Result: border-radius: 60px 0px 0px 0px / 30px 0px 0px 0px;

How the number of values maps to corners in border-radius shorthand

Values suppliedCorners affectedExample
1 valueAll four corners equallyborder-radius: 12px
2 valuesTL and BR / then TR and BLborder-radius: 12px 4px
3 valuesTL / then TR and BL / then BRborder-radius: 12px 4px 8px
4 valuesTL, TR, BR, BL clockwiseborder-radius: 12px 4px 8px 2px

Common border-radius recipes

EffectCSS
Subtle roundingborder-radius: 4px
Standard cardborder-radius: 12px
Pill / fully rounded buttonborder-radius: 9999px
Circle (square element)border-radius: 50%
Rounded top onlyborder-radius: 16px 16px 0 0
Speech-bubble (one sharp corner)border-radius: 16px 16px 16px 0

Common mistakes to avoid

  • Expecting 50% to make a circle on a rectangle. A 50% radius only produces a perfect circle when the element is square. On a rectangle the horizontal radius is 50% of the width and the vertical radius 50% of the height, so you get an ellipse or a pill, not a circle.
  • Forgetting overflow hidden when clipping children. Rounding a container does not automatically clip an image or background placed inside it. You usually need overflow hidden on the parent so child content follows the rounded shape.
  • Mixing up the corner order. The four-value shorthand runs clockwise from the top-left: top-left, top-right, bottom-right, bottom-left. Writing them in the wrong order rounds the wrong corners.
  • Using huge percentages and getting odd shapes. Percentages above what the box can fit are scaled down by the browser so adjacent corners do not overlap, which can make the result look different from the raw number you typed.

Glossary

border-radius
The CSS property that rounds the corners of an element by setting a radius for each corner.
Corner radius
The size of the rounding at a single corner, measured as the radius of the arc that replaces the sharp corner.
Elliptical corner
A corner with different horizontal and vertical radii, written with a slash, producing an oval rather than circular curve.
Shorthand
A single property that sets several related values at once, here all four corners in one border-radius declaration.
Pill shape
A fully rounded shape made by using a radius at least half the element height, common for tag and toggle buttons.

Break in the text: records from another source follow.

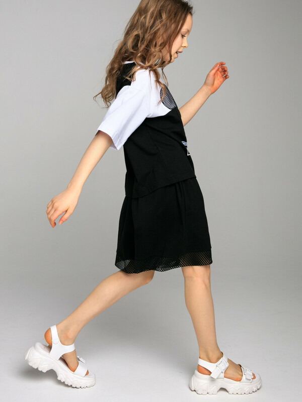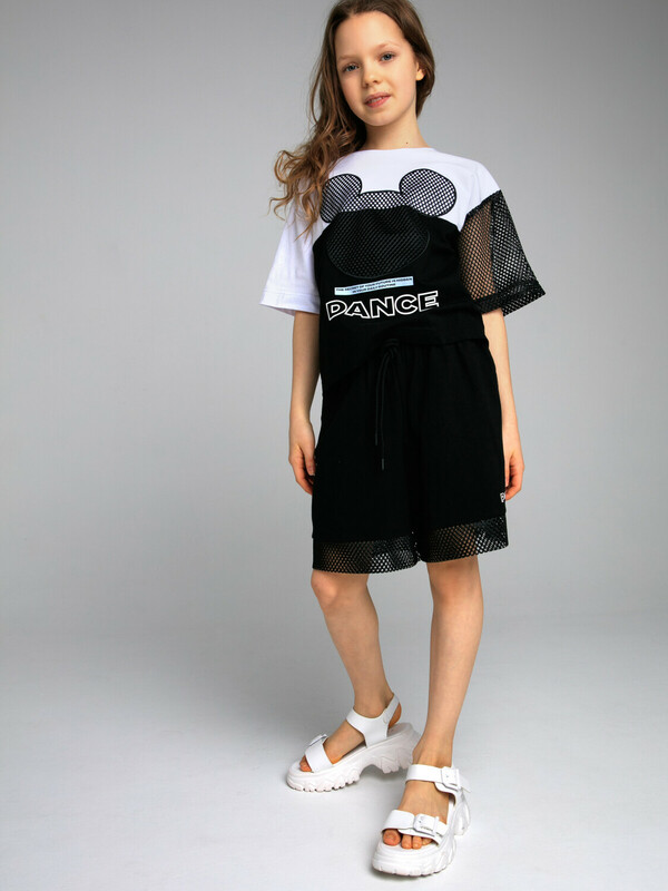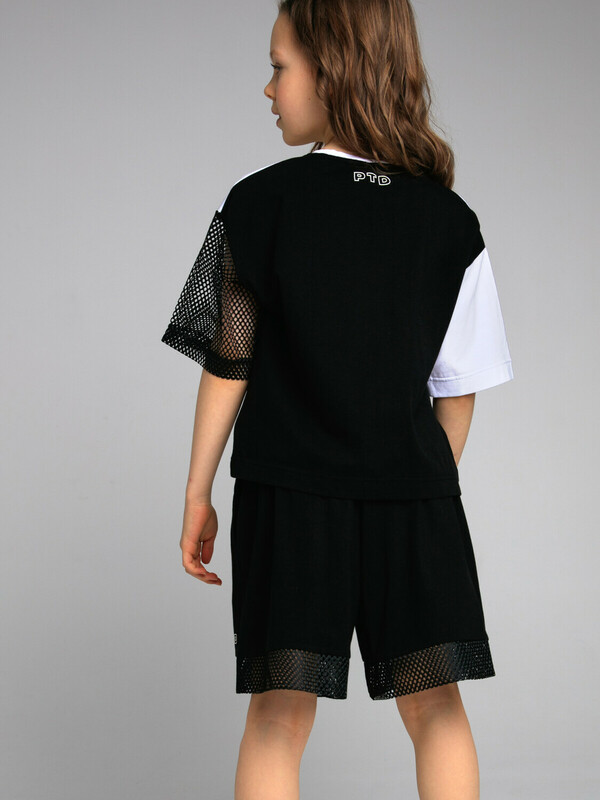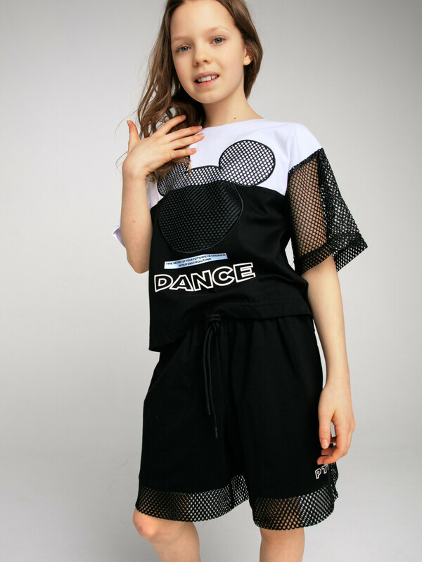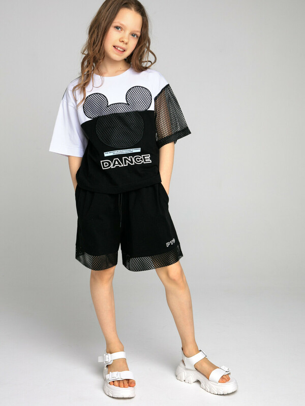 Комплект: футболка oversize и шорты из качественного эластичного и приятного на ощупь трикотажа. Футболка выполнена из трикотажа разных цветов и декорирована сеткой. Шорты с карманами в боковых швах, декорированы сеткой. Эластичный пояс со шнурком. Высокое содержание хлопка 95%. Благодаря наличию эластана в составе ткани изделие держит форму и меньше мнется.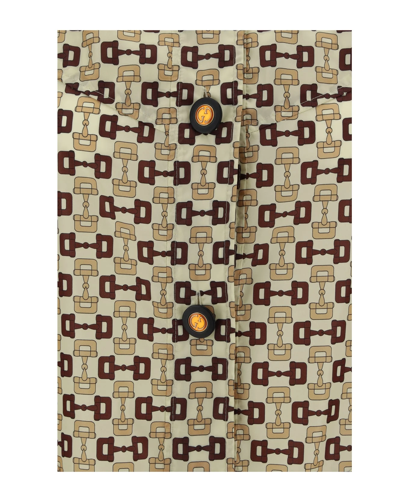 Windproof jacket by gucci, classic collar, front closure with embossed and resin-coated buttons, adjustable button cuffs, graphic pattern with iconic all-over repeated horsebit in contrast, two side welt pockets, regular fit.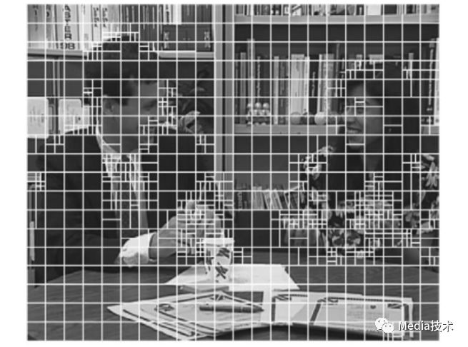 H.264会根据RDO选择出最佳块划分方式。图像平摊区域倾向于大块,而在纹理复杂或者运动较大区域倾向于选用小的块划分,在一点在上图中也得到了很好的印证。

Frequently asked questions

What is the CSS border-radius property?

The border-radius property rounds the corners of an element. You can give one value for all corners, two values for diagonal pairs, or four values for individual control in the order top-left, top-right, bottom-right, bottom-left. This generator builds the value for you and shows a live preview.

How do I make a perfect circle with border-radius?

Use border-radius: 50% on an element whose width and height are equal. The radius is resolved against the box size, so a square becomes a circle. On a non-square element the same 50% produces an ellipse or pill instead.

What does the slash in a border-radius value mean?

The slash separates horizontal radii from vertical radii. Values before the slash set the horizontal radius of each corner and values after it set the vertical radius, which lets you create elliptical corners. Enable the elliptical option in this tool to generate that syntax.

Should I use px, percent, rem or em for border radius?

Use pixels for a fixed visual rounding, rem or em when you want the radius to scale with font size, and percentages when it should flex with the element size. The tool lets you switch units and adjusts the preview and CSS accordingly.

How do I round only the top corners of an element?

Turn off Link all corners, set the top-left and top-right sliders to your chosen radius, and leave the bottom corners at zero. The generator outputs a four-value shorthand such as border-radius: 16px 16px 0px 0px.

Why are my rounded corners not clipping the image inside?

border-radius rounds the element box but does not clip overflowing children on its own. Add overflow: hidden to the rounded parent so an image or background inside it is also clipped to the rounded shape.